AI Engineer – LLM Specialist

AlpineAI AG

On-site 3d ago

About the role

About

We are looking for a skilled AI Engineer with a strong focus on testing, evaluating, and operationalizing Large Language Models (LLMs) to join our growing team. In this role, you will ensure that our language models meet high standards of accuracy, robustness, safety, and performance, and that they integrate seamlessly into our Speech-to-Text and AI-driven application landscape.

You will work closely with product, full-stack, and infrastructure engineers to transform state-of-the‑art language models into reliable, production‑ready systems that solve real customer problems.

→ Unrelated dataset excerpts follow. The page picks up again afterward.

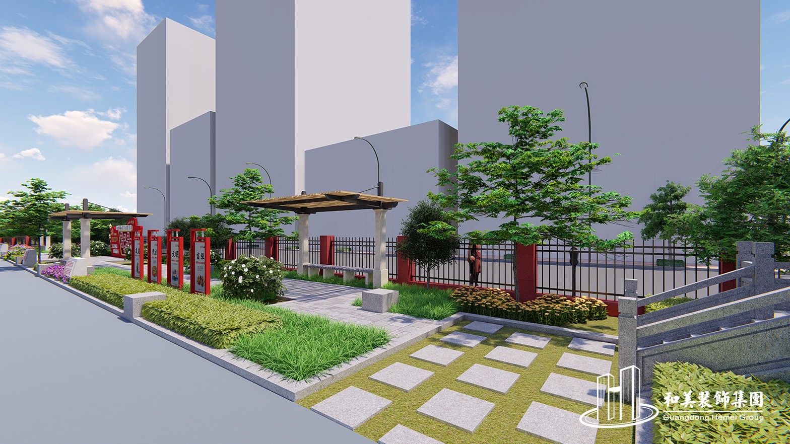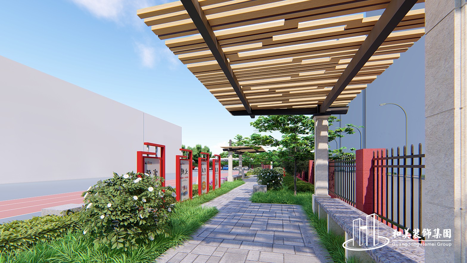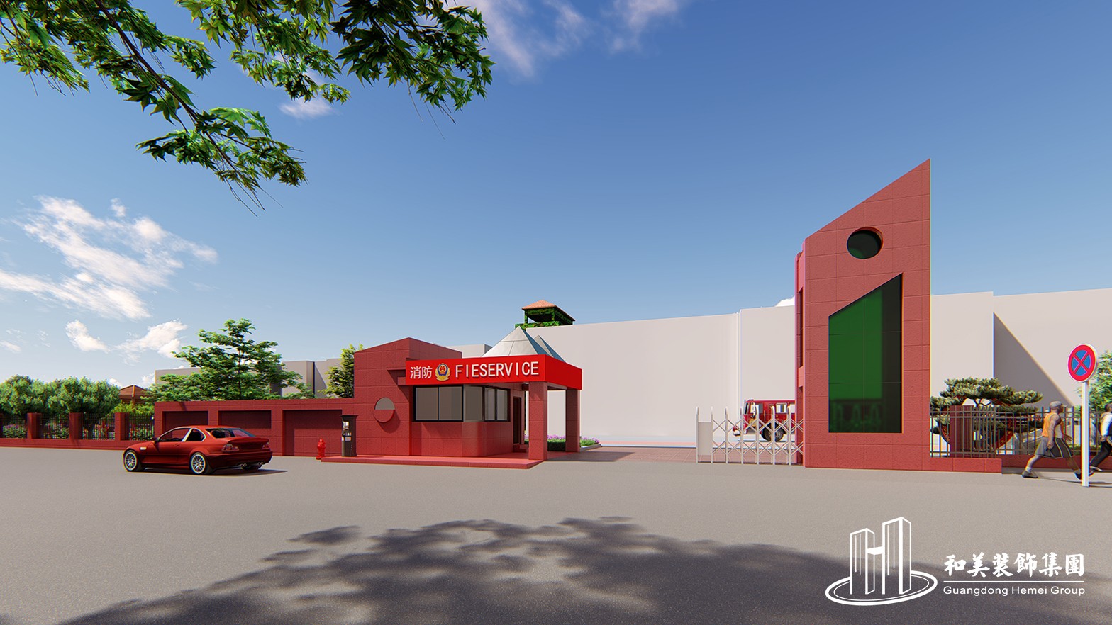 设计理念:本案例是和美承接的消防大队门头与园区园林景观设计,园区内的设计以大气为主,彰显了消防大队的正义之感。
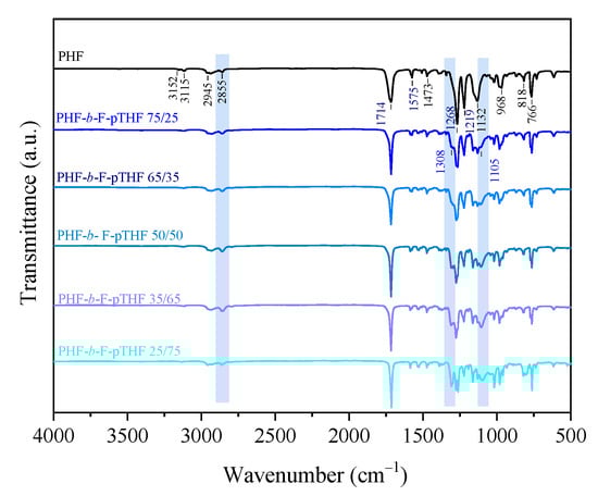 Fourier Transform Infrared (FTIR) spectra of PHF homopolymer and PHF-b-F-pTHF copolymers.
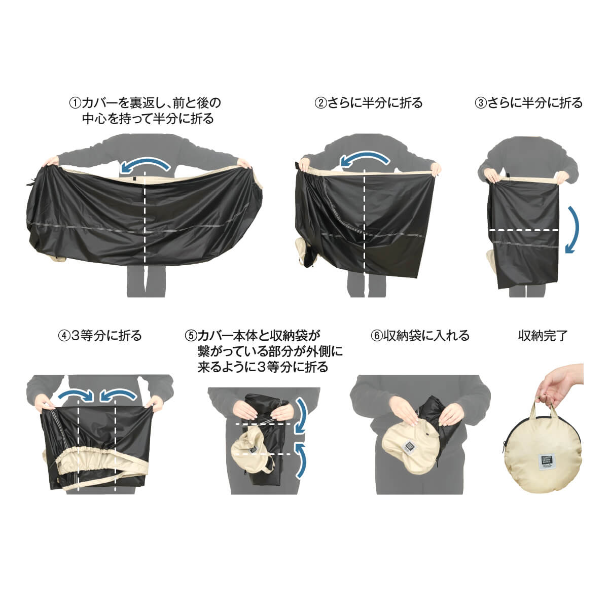 ※ゴミやほこり、水滴などが付いている場合は、畳む前に落としてください。
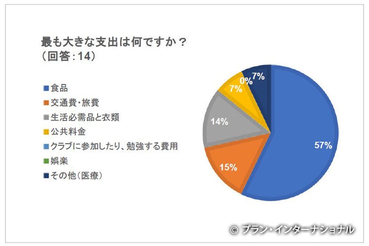 支出で最も多いのは食費(57%)です。また、交通費や生活必需品(約30%)も大きな負担となっています。
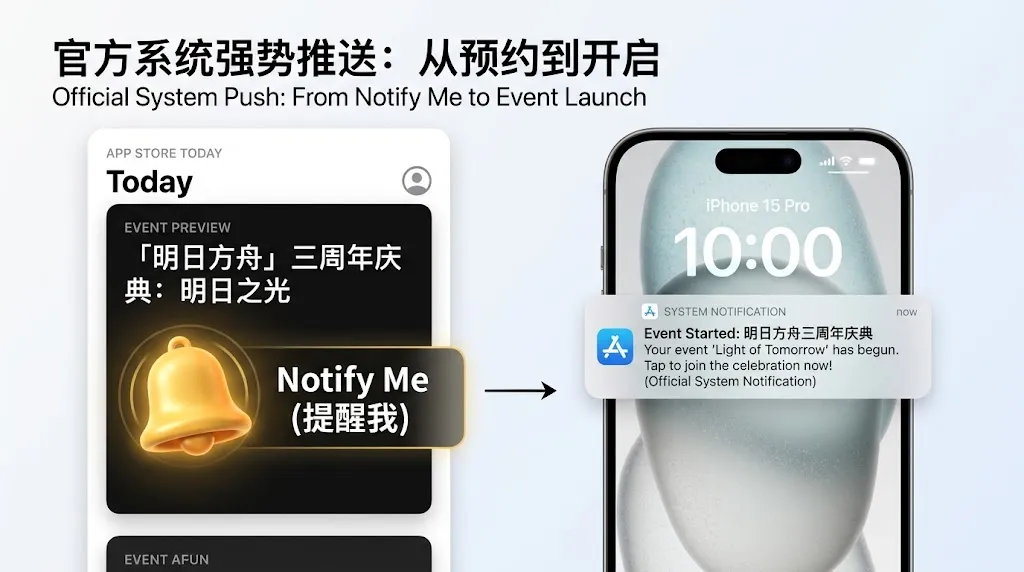 官方系统的强势推送: 当用户在 App Store 看到你的活动预告卡片并点击了极其醒目的小铃铛图标“Notify Me(提醒我)”后,到了活动开启的那一刻,苹果系统会在系统底层(且无视你在 App 内的 Push 权限状态),直接向用户的锁屏界面发送一条官方通知!
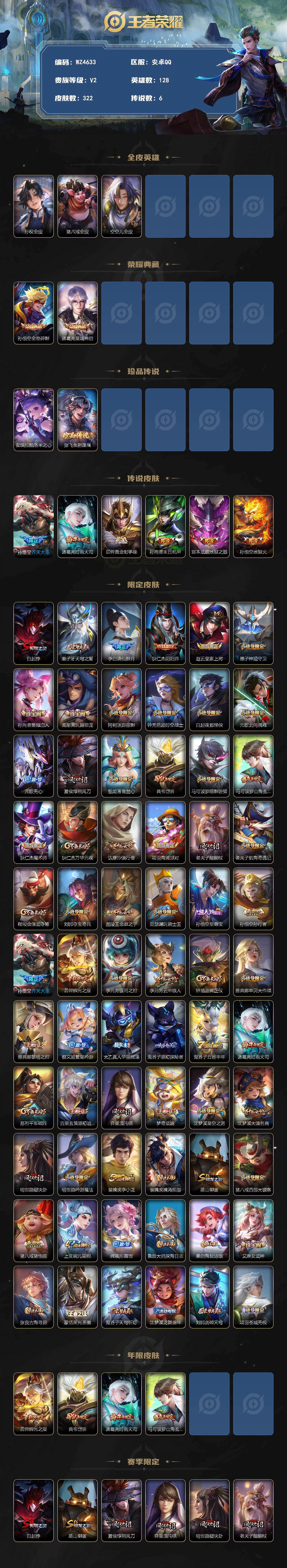 皮肤322/典藏2/传说6/史诗90/英雄128/孙权全皮/猪八戒全皮/空空儿全皮/孙悟空-全息碎影/诸葛亮-星域神启/
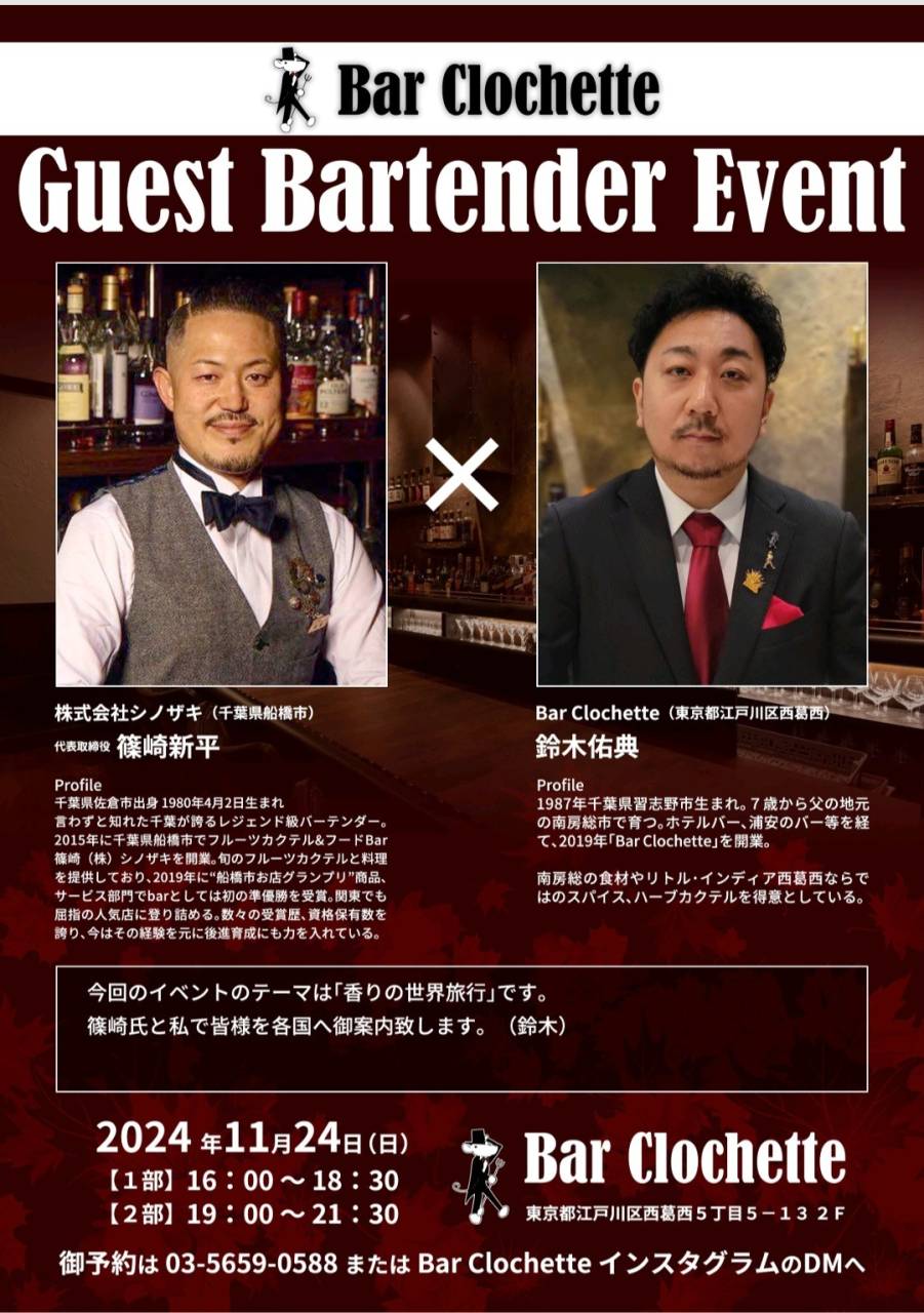 西葛西 バー クロシェット 11/24(日)イベント営業のお知らせ 2024/11/24 西葛西 バー クロシェットです。 11/24(日)は船橋の名店、バー篠崎の篠崎新平氏をお迎えし、ゲストシフトを行います。 その為、全日完全予約制、通常営業は行いません。何卒御理解の程、お願い致します。

You make prototypes production ready.

Responsibilities

LLM Evaluation Testing

  • Design and maintain systematic evaluation frameworks for LLMs, including: Automated test suites, Golden datasets, Regression benchmarks
  • Define quantitative metrics (e.g., accuracy, latency, hallucination rate, task success) and qualitative evaluation protocols.
  • Perform error analysis and root‑cause investigations on model failures.

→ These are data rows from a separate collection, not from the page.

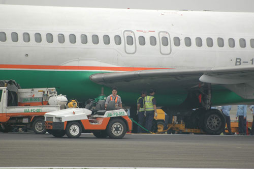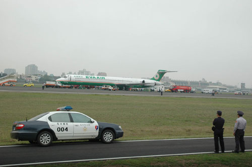 据“中央社”报道,这架BR-17913班次MD-90型接驳机上午八时四十五分,搭载三十六名乘客从桃园飞往高雄,原定上午九时二十分抵达高雄,机长起飞后发现右翼轮胎有响声,怀疑破胎,于是紧急通知高雄机场塔台,展开迫降前置作业。
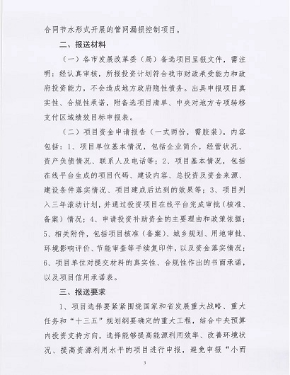 2018年9月10日前,各省轄市、省直管縣(市)發(fā)展改革委將申報文件及有關(guān)材料報送省發(fā)展改革委(環(huán)資處)。
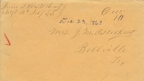 Osterhout, Bellville, Tex. Endorsed at upper left “From J. P. Osterhout Adjt 4th
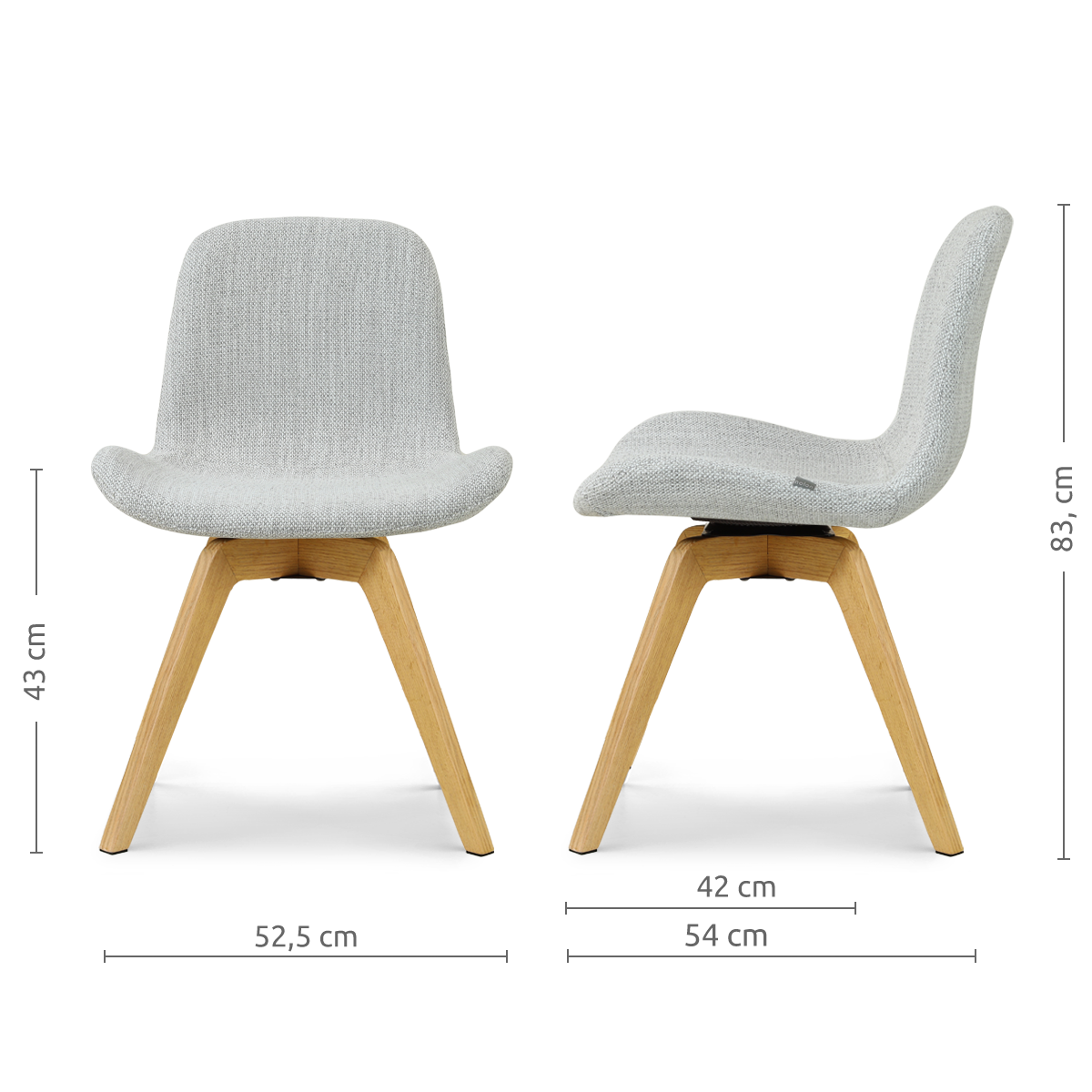Noor-Fé draaibare eetkamerstoel grijs melange - houten onderstel

Task Alignment Optimization

  • Focus on rapid prototyping and operationalization of customer use cases
  • Improve model performance on specific tasks using a prompt‑first workflow (system prompts, few‑shot examples, tool instructions).
  • Build and iterate evaluation sets; run experiments to measure quality, latency, and cost.
  • Curate high‑signal datasets for automated prompt optimization (cleaning, labeling, filtering, augmentation).
  • Apply lightweight adaptation when beneficial (prompt tuning, parameter‑efficient methods like LoRA/adapters).
  • Use supervised fine‑tuning / instruction tuning when prompting and lightweight methods don’t reach the target.
  • Prepare and curate training datasets (cleaning, labeling, augmentation, filtering).
  • Evaluate and compare open‑source and commercial LLMs for specific use cases.
  • Design controlled experiments (A/B tests, offline evaluations).
  • Document results and recommend model choices.
  • Collaborate with full‑stack engineers to integrate prototypes into product, backend services and user‑facing applications.
  • Support API design for model inference and post‑processing.
  • Ensure models behave reliably in real‑time and batch workflows.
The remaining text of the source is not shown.